In part 1 and part 2 of Issues with OpenFOAM, we concluded that:
- successful development of OpenFOAM demands the resolution of issues where the software does not meet reasonable expectations of users;
- under an agile development streategy, involving collaboration between users and developers to resolve issues, OpenFOAM has been transformed from poor health in 2014 to a new level of quality and maturity with OpenFOAM v4.0 in 2016;
- user participation is encouraged by rewarding users for reporting issues by their timely resolution and by ensuring the development version,
OpenFOAM-dev
is always releasable quality.
Unresolved Issues
We previously showed the number of unresolved issues taken from the OpenFOAM Issue Tracking system. Unresolved issues increased continuously until the release of the public distribution of OpenFOAM-dev
in December 2014, after which they fell rapidly, then stabilized to a fairly consistent level of 60-70 during 2016. Analysis of the remaining unresolved issues is an essential part of high quality software engineering, particularly identifying the components of the code with the highest number of issues.
The breakdown of outstanding issues is shown in the chart above, with 90% of unresolved issues falling within only 7 categories. While “meshing” and “numerical methods” are broad components of CFD, each of the other 5 categories describes a much narrower range on functionality in OpenFOAM. The two worst offenders account for almost half of all unresolved issues: 1) AMI, ACMI and cyclic interfaces; and, 2) heat transfer, including conjugate heat transfer (CHT). These categories, and “particles and tracking” and “sources/constraints” in particular, require significant refactoring and/or rewriting.
Trouble with Roadmaps
Inadequate funding is the primary reason why certain areas of OpenFOAM reached the present state of disrepair. The development of OpenFOAM has always been funded by companies wishing to build functionality falling within their areas of interest. Developments projects historically followed a waterfall, roadmap model, which lacked the rapid-turnaround user feedback associated with today’s agile development of a public OpenFOAM code repository. Issues went unreported for long periods, typically until a major version of OpenFOAM was released, well after a project was closed. With no provision for resolving issues or general maintenance within the development funding, issues simply remained unresolved unless a developer’s conscience compelled him/her to contribute voluntarily outside of working hours.

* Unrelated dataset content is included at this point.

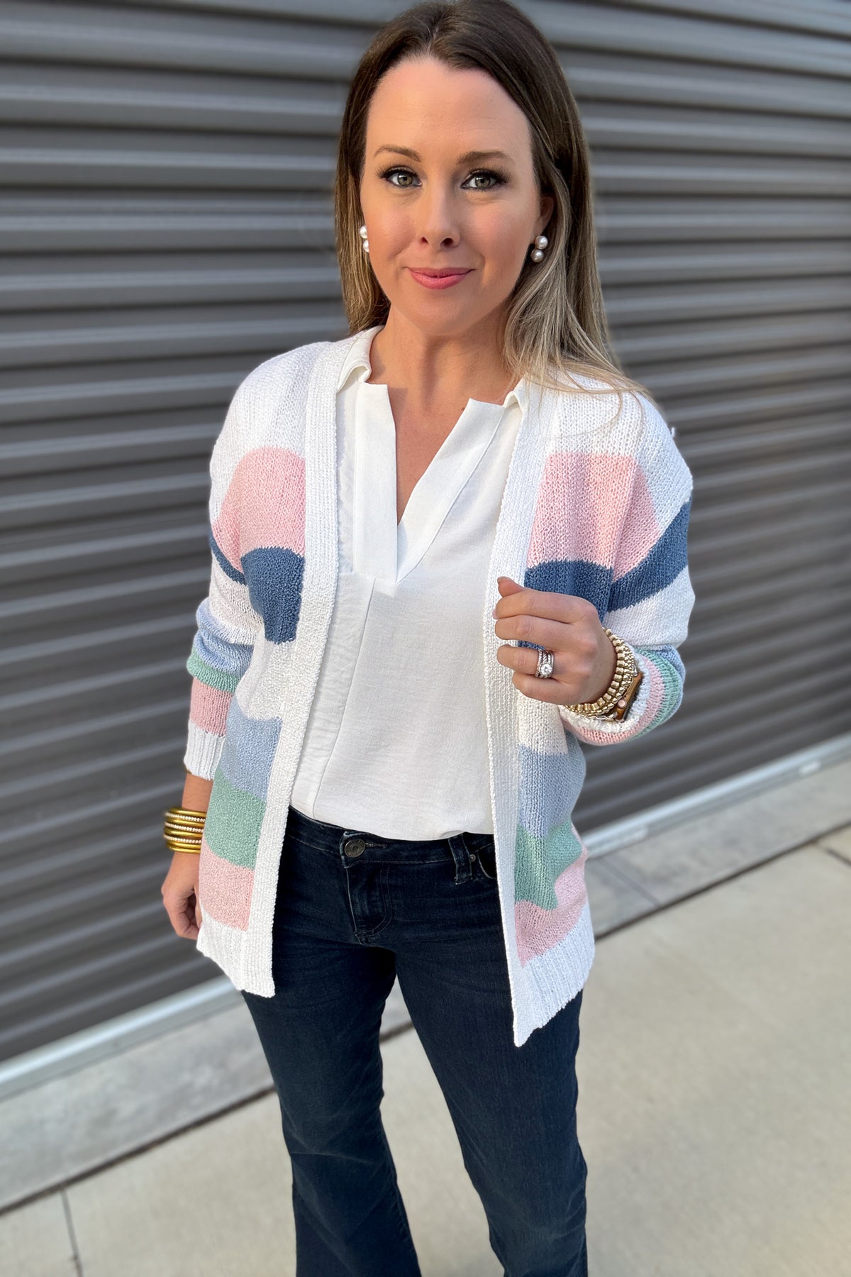 Layer up in effortless style with the Nantucket Cardigan Multi from Simply Southern. This lightweight striped cardigan is your new go-to for breezy days and casual vibes. Perfect for throwing over your favorite tee or dress, it adds just the right amount of warmth without the bulk. The playful multi-stripe pattern keeps things fun and fresh, while the relaxed fit ensures all-day comfort. Whether you're heading to brunch or running errands, this cardigan is the ultimate wardrobe essential that works with everything.

The circumstances of the AMI development was especially bad, in that it was never funded, but was hastily included by corporate managers within a manufactured roadmap. Its lack of quality was an inevitable consequence of conflicting pressures of zero funding, concocted milestones and revenue targets.
Funding Agile Development
Funding is needed to repair the critical areas of OpenFOAM with unresolved issues. The work requires significant code refactoring and rewriting by developers willing to adopt an agile strategy, described previously, that generates sufficient user feedback to drive software quality rapidly to an acceptable level. Funding should support a broad aim to improve software quality, demonstrated by a reduction in unresolved issues, rather than a rigid set of development objectives.
The target for 2017 is to reduce the number of unresolved issues by 50%. The OpenFOAM Foundation needs €100 k to fund this work, and the costs of running the OpenFOAM project. We propose that 20 companies pool €5 k each to reach the target. Companies that rely on OpenFOAM carry an operational risk associated with its decline through lack of funding. At a fraction of the cost of a single licence of most proprietary CFD software, €5 k is surely a small price to pay to mitigate this risk?